Ad Schenk. Foto: Jan Jansen

De problematiek van ontspoorde jongeren hield Ad en Toos in toenemende mate bezig. “We hebben toen een radicale keuze gemaakt, die een volledige wending in ons leven zou betekenen, door te gaan werken in de hulpverlening. Daarom zijn we met de winkel gestopt en allebei gaan studeren aan de Sociale Academie De Horst in Driebergen, een toen links-radicaal opleidingsinstituut. Omdat ik tijdens die opleiding al dertig jaar was, kreeg ik een baan als groepsleider bij het katholieke opvoedingsgesticht Beukenrode in Doorn. Dat was een observatietehuis voor moeilijk opvoedbare jongeren tot eenentwintig jaar. We kregen daarbij ook nog een dienstwoning op het terrein van het tehuis.”

Begin jaren zeventig begon een tijd van protesten en democratisering. Dolle Mina met baas in eigen buik. Studenten en arbeiders streden voor medezeggenschap in onderwijs en in bedrijven. Overal werden ondernemingsraden opgericht. “Ook in Beukenrode werd vergaderd over medebeslissingsrecht en inzage in rapporten door pupillen. Toen pupillen zagen dat het niet zo ging als ze wilden, kwamen ze in opstand.
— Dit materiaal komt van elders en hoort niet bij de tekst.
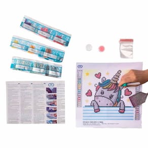 Conjunto de Artes Infantil - Dotzies - Uni Baby 1 - Fun Divirta-se: o Conjunto de Artes Dotzies vem com tudo o que você precisa para completar uma obra inspirada em um Unicórnio Baby. Dotzies é um jeito criativo de artesanato em que desenhos incríveis são criados com pedras adesivas inspiradas em diamantes. Um kit de Dotzies produzirá um efeito brilhante. Rápido e fácil de fazer, o resultado final é um design de pintura de diamante espetacular! Detalhes: • No melhor estilo “DIY” (Do It Yourself - Faça Você Mesmo), as crianças podem criar seus próprios conjuntos de artes com pedrinhas Dotz • As pedras de diamante são brilhantes e resistentes, garantindo que os desenhos fiquem bonitos e durem por muito tempo • O conjunto inclui tudo o que é necessário para começar a criar, incluindo um quadro pré-impresso, pedras de diamante, bandejas e caneta de aplicação • O kit contém: 01 peça de tecido impresso em cores de alta qualidade, tamanho 31 x 31 cm, 01 caneta Diamont Dotz Stylus, 01 bandeja, 01 pote de cera, 01 grip ergonômico e 01 pacote Diamond Dotz (22g) com 18 cores Como funciona: • Com a caneta de aplicação pegue um Dotz e coloque no espaço adesivado correspondente Informações: • Produto: Conjunto de Atividades Dotzies Unicórnio Baby com 2400 dotz • Marca: Fun Divirta-se • Coleção: Dotzies • Linha: Diamond Dotz • Serie: 1 • Tipo: Conjunto de Artes Infantil • Categoria: Artes e Atividades • Estilo de brincar: DIY (Faça você mesmo) • Nível: Iniciantes • Peças: 2400 Dotz • Tamanho: - Tecido: 31 x 31 cm - Área do desenho: 23 x 23 cm • Conteúdo - 01 peça de tecido - 01 caneta de aplicação Diamond Dotz Stylus - 01 bandeja de artesanato - 01 pote de cera - 01 grip ergonômico - 01 Pacote de pedrinhas Diamond Dotz (22g) com 18 cores • Recomendação: para crianças a partir de 06 anos de idade Especificações: • Modelo: Diamond Dotz U Baby com 2.400 Dotz • Referência: F0163-0 • Código de Barras: 7908489408290 • Embalagem (C x A x L): 10 x 33 x 07 cm • Embalagem (Peso): 0.125 kg • Material / Composição: Plástico PP e Silicone • Registro: 02115-000 / OCP 0061 • Certificado: Órgãos Autorizados - OCP´S (Organismos de Certificação de Produtos) Aviso: • As imagens são meramente ilustrativas • Os pesos, tamanhos e medidas são aproximados • As cores e estampas dos produtos podem ter variações • As informações são de responsabilidade do fabricante ou fornecedor
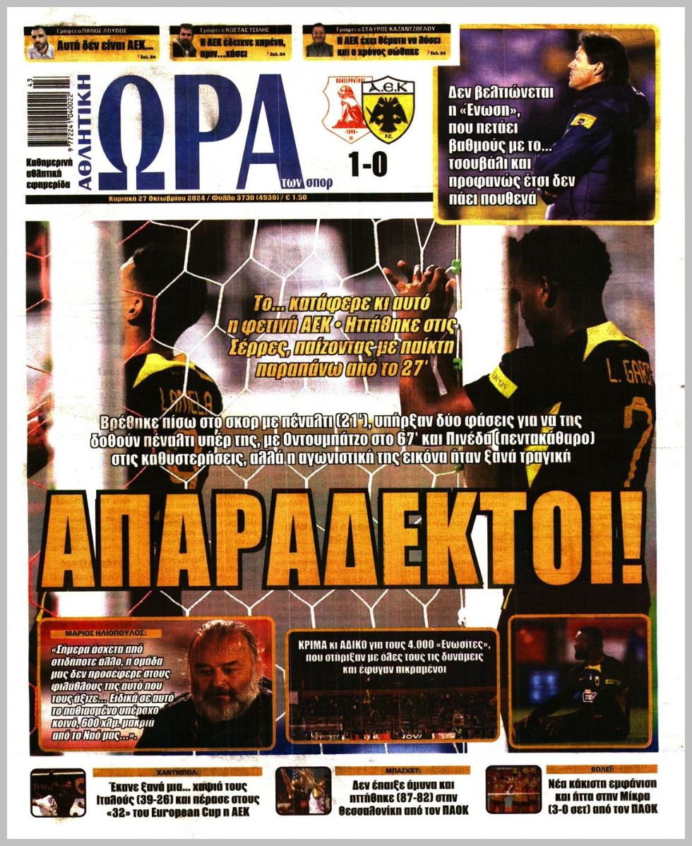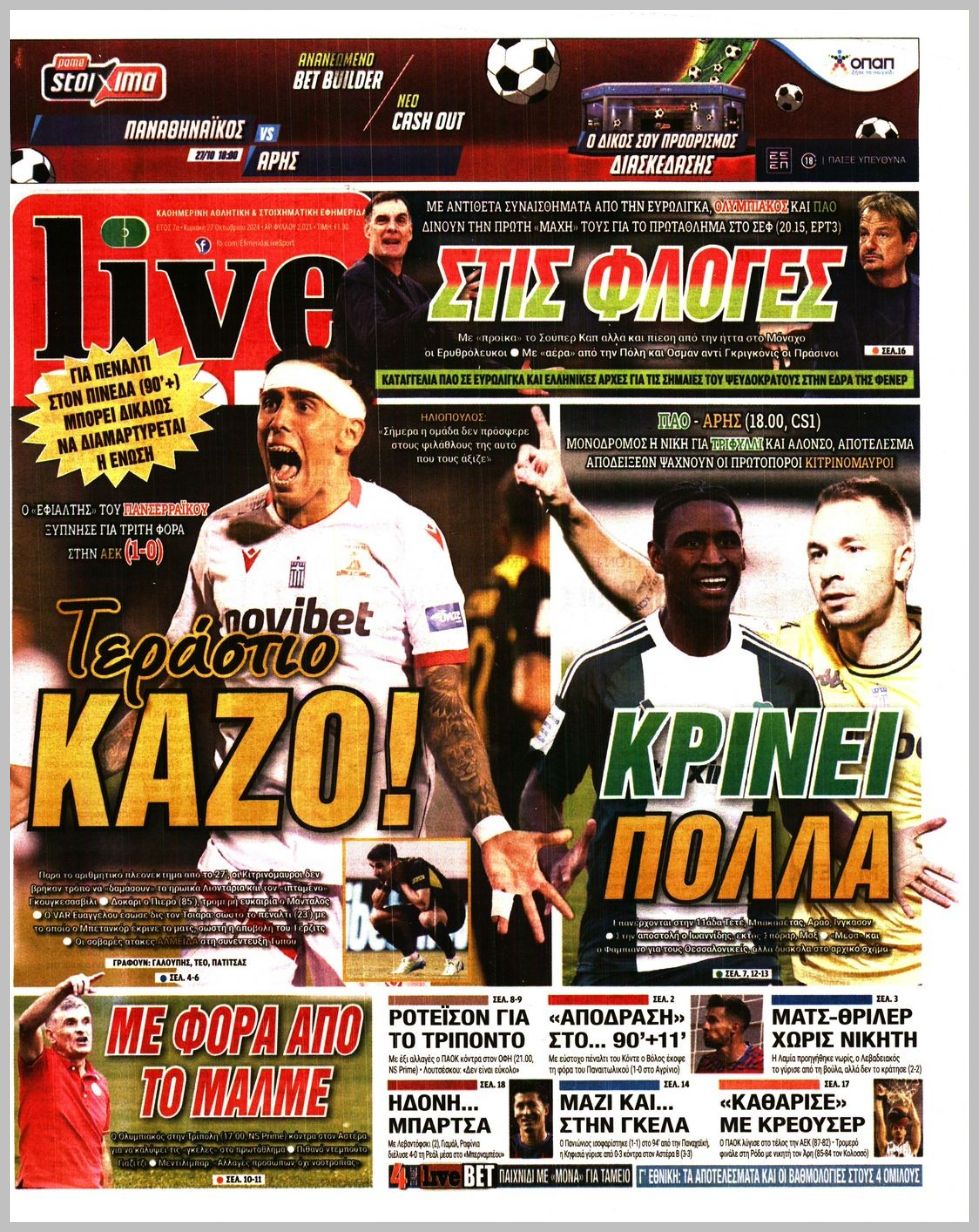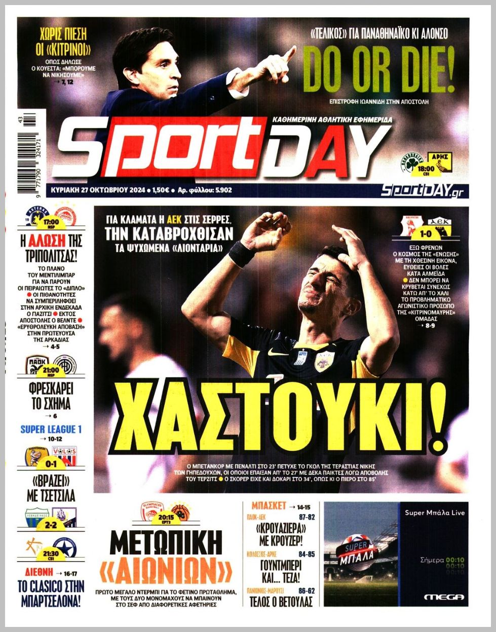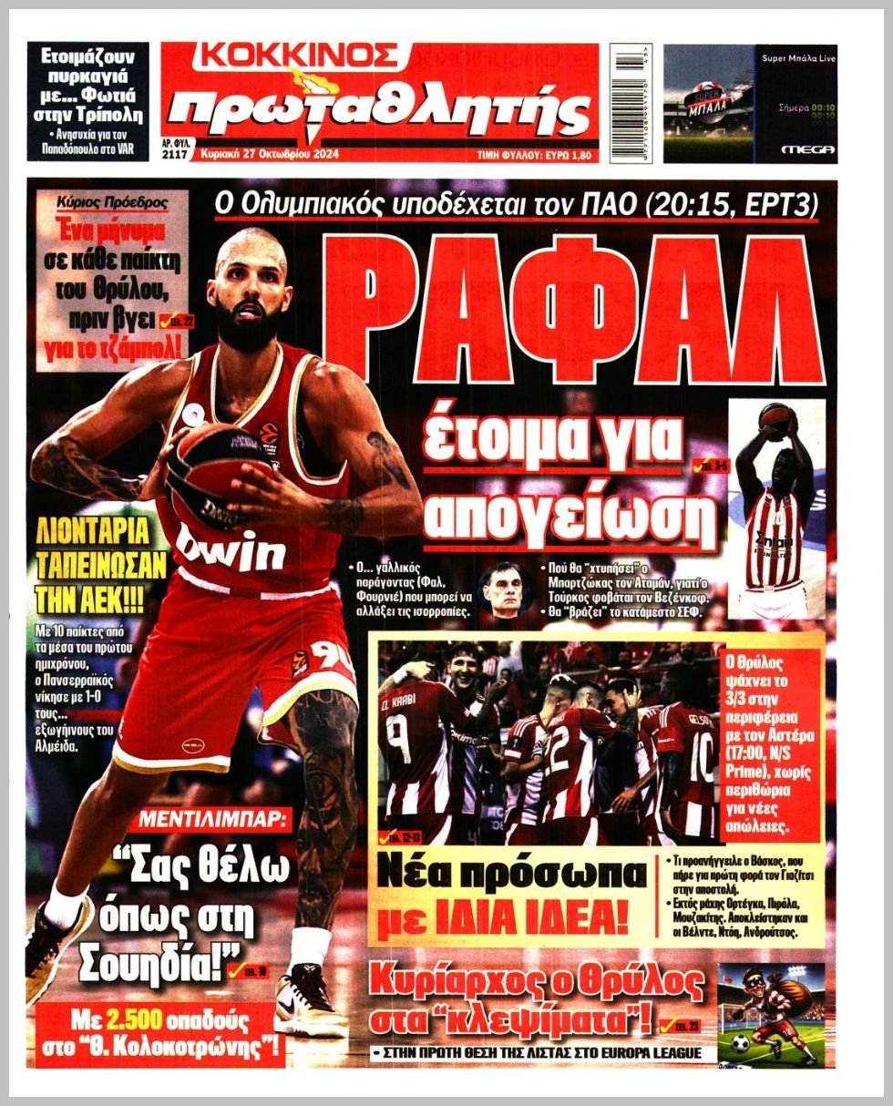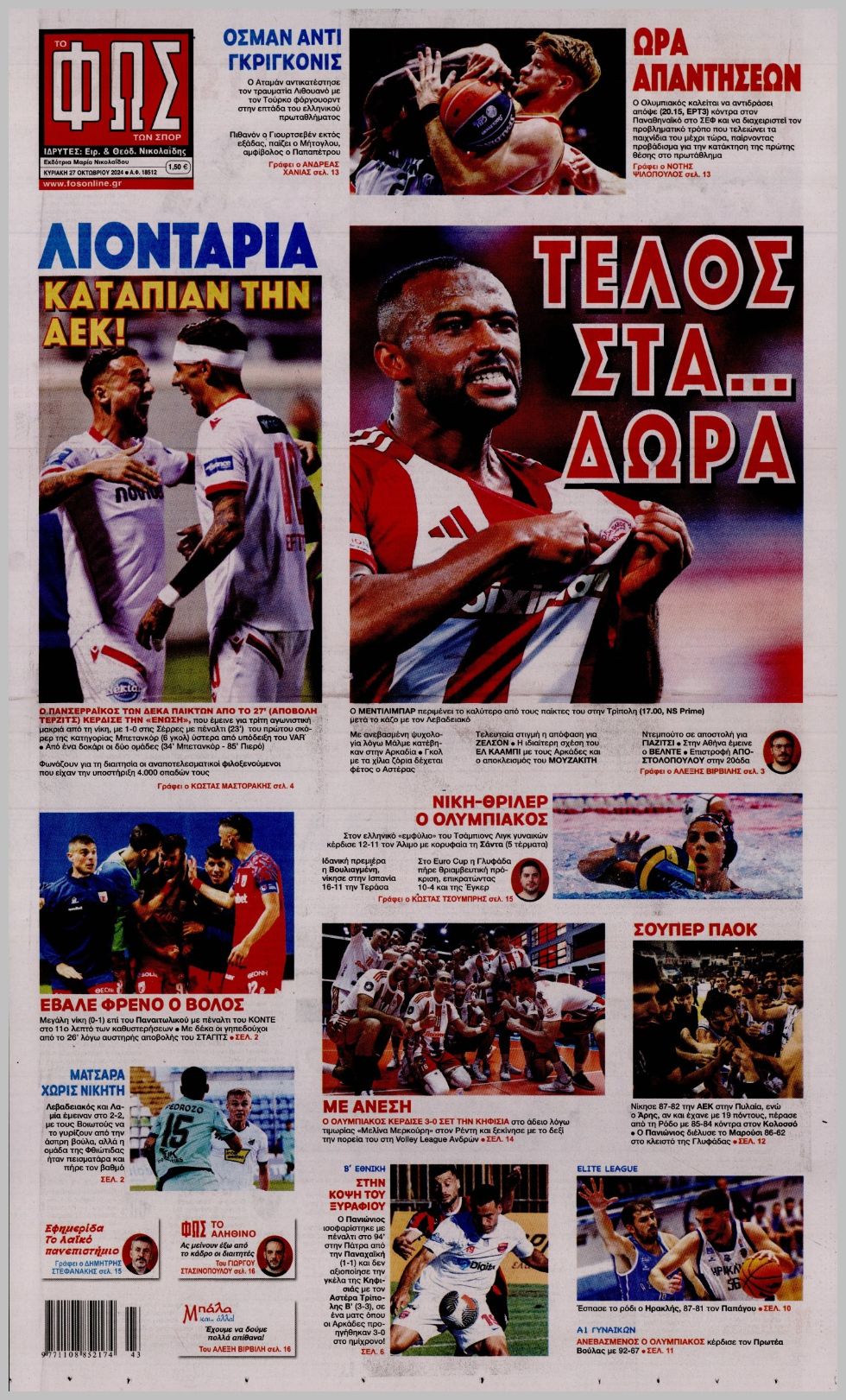 Τα πρωτοσέλιδα των αθλητικών εφημερίδων της Κυριακής (27/10)

Een conflict over de biertap in het recreatiecentrum was de feitelijke aanleiding voor de bezetting van Beukenrode. Omdat ik de directie had gewaarschuwd voor onlusten werd ik niet vertrouwd, op non-actief gezet en later ontslagen. Zeven pupillen zochten bij ons thuis in onze dienstwoning onderdak, waarvan er drie permanent bij ons zijn ingetrokken.”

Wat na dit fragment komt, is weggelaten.